Iran War’s Shockwaves Haven’t Fully Arrived Just Yet. But They’re Coming.
Shipping through the Strait of Hormuz has been at a virtual standstill for two months now. In response, oil prices spiked, tanker rates skyrocketed and “experts” have claimed Wall Street has priced it all into the financial markets.
But what exactly has been “priced in” on the major indexes?
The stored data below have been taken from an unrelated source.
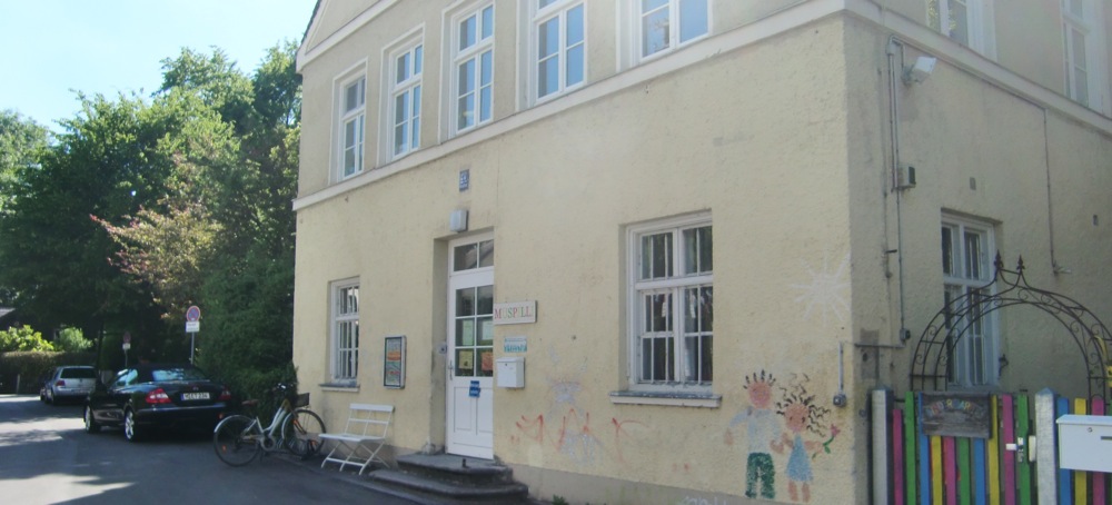Geschichte / Gegenwart: Die Muspillistraße 27 wurde anno 1824 als erstes Schulgebäude in Oberföhring errichtet. Heute beherbergt das im Besitz der Stadt befindliche und unter Denkmalschutz stehende Haus zwei Einrichtungen. Im Erdgeschoss befindet sich der Kinder- und Jugendtreff „Muspilli“, im ersten Obergeschoss ist ein privater Kindergarten untergebracht. Eine grundlegende Sanierung des Hauses ist unabdingbar.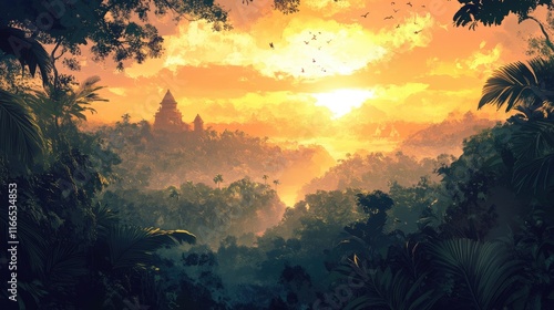 Ancient Temple Hidden Deep Within Lush Jungle At Sunset
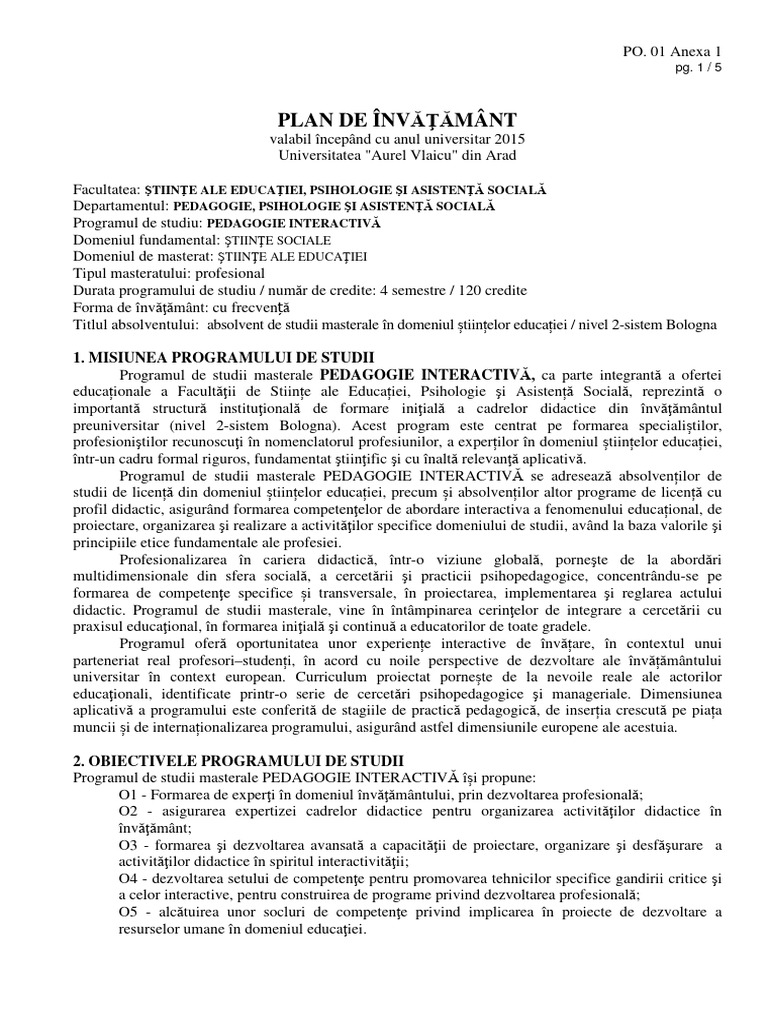 Programul de studiu: PEDAGOGIE INTERACTIVĂ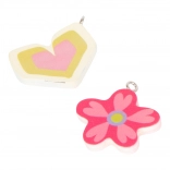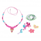 Cinq couleurs, des formes variées et trois pendentifs joyeux permettent de créer des bracelets et des colliers originaux selon l’imagination.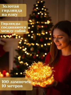 Золотая гирлянда на елку новогодняя электрическая 10 метров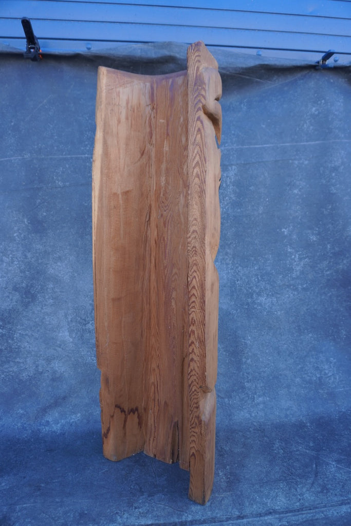 We are uncertain of the exact tribe it comes from, and out of respect, we do not wish to assume. Features light wood with defined wood grain. Faces are stacked, each with large eyes and red lips — the red lips and exaggerated grin could indicate a Haida or Tsimshian tribes.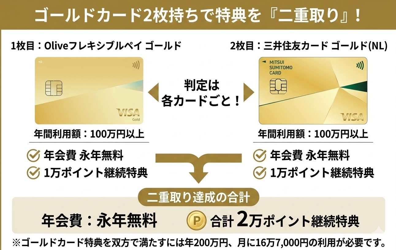 これらゴールドカードの特典は、各カードごとの判定です。つまり、Oliveフレキシブルペイ ゴールドと三井住友カード ゴールド(NL)の双方で達成すれば、いずれも年会費が無料になり、かつ計2万ポイントを受け取ることができます。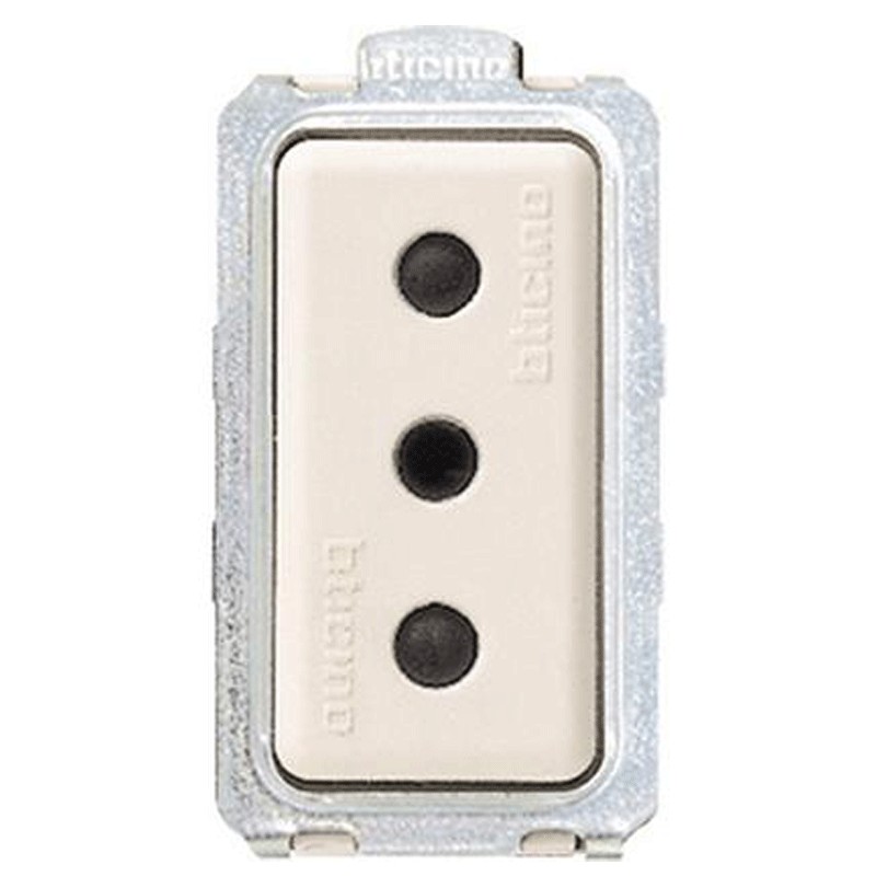 Italian standard socket Bticino magic 2P+E 10 A 250 V, 1 module. Module to be applied on 5367R,503R,504S,505R,506LS supports.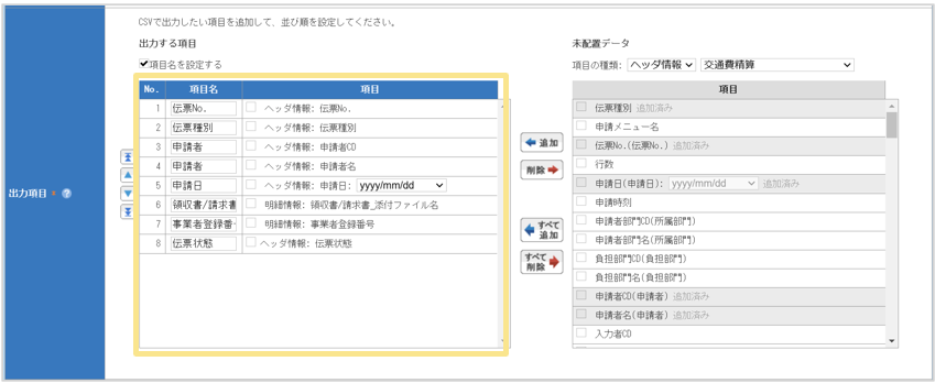4.「出力項目」で必要な項目を「未配置データ」から「出力する項目」に追加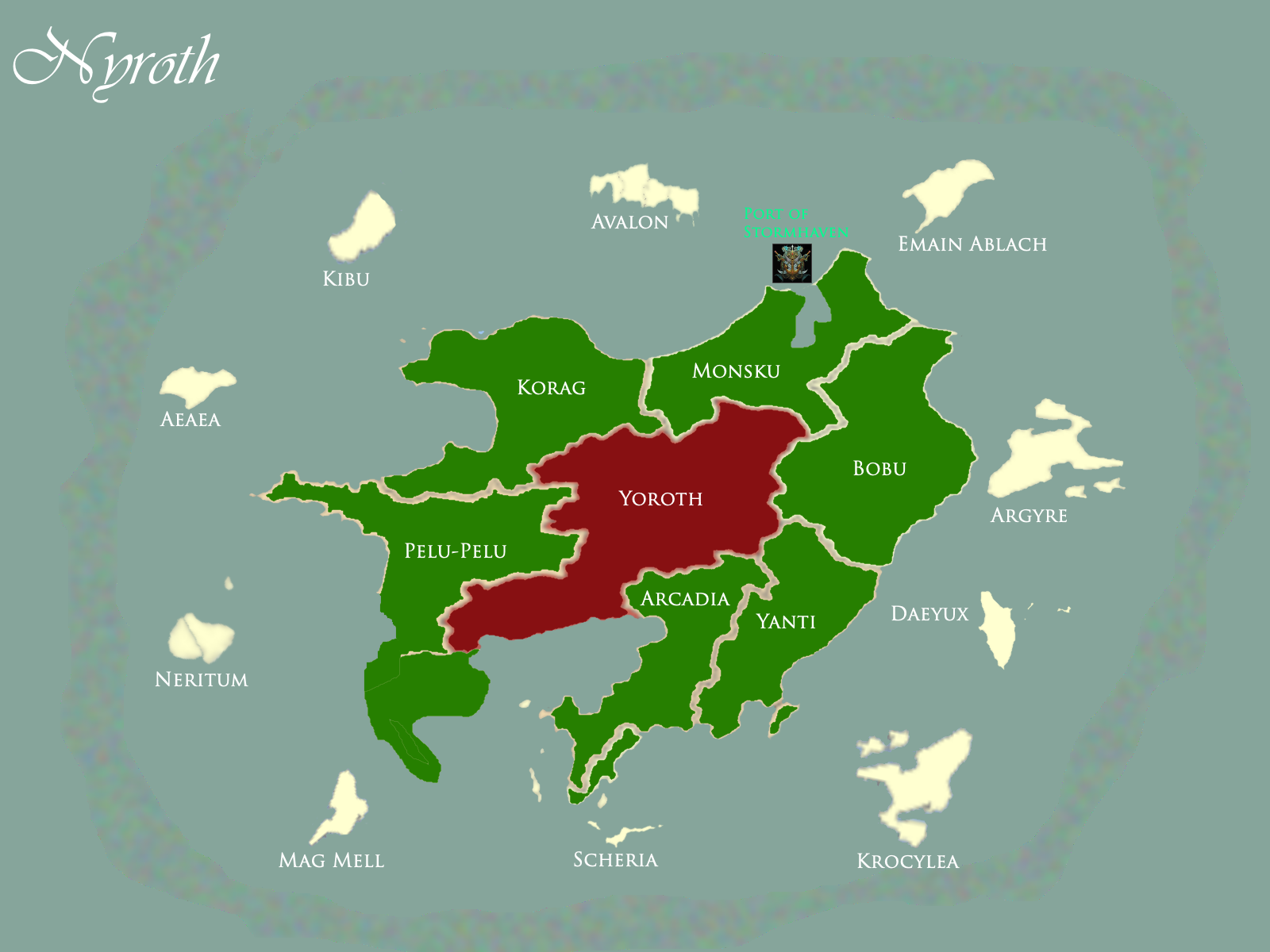 The continent of Nyroth, located to the west of Valoran amidst a turbulent sea wracked by magical storms, is surrounded by an illusion field that until now has hidden it from sight.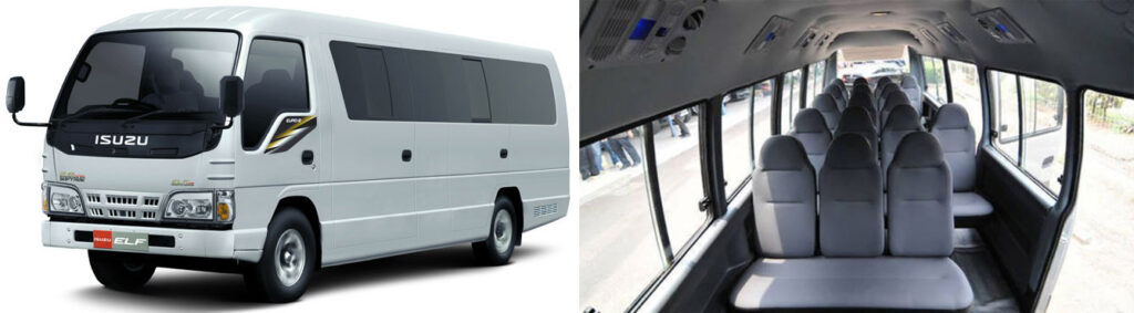 Jenis Mini bus (Elf Long) dengan kapasitas 19 orang penumpang.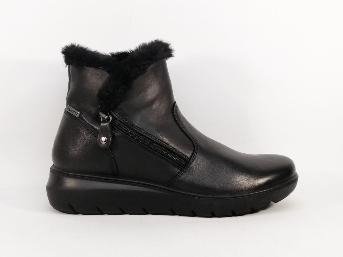 Chaussures fourrées femme grand froid en cuir souple noir imperméable "WaterTex"avec zip et semelle confortable en destockage IMAC 455870 - fabrication en Italie

To many, it appears the answer is higher oil prices, but only on the assumption – as J.P. Morgan said this week — that Hormuz traffic is back to full flows by June 1.
Just a couple of problems there:
June 1 is three weeks away, and no deal between the U.S. and Iran seems to be in the offing.
The oil supply shock is but one of several cascading shocks created by the halt of flows from the Persian Gulf.
Here’s what traders haven’t priced in yet: the cascading supply shocks in helium, fertilizer feedstocks and the semiconductor industry that powers everything from your smartphone to the data centers running AI. These aren’t myths or narratives, but foundational vulnerabilities tied directly to the same chokepoint everyone claims to understand.
Let’s start with helium, a critical industrial input extracted as a byproduct of natural gas processing. Qatar, sitting on one of the world’s largest natural gas fields, supplied roughly 30% of global helium output prior........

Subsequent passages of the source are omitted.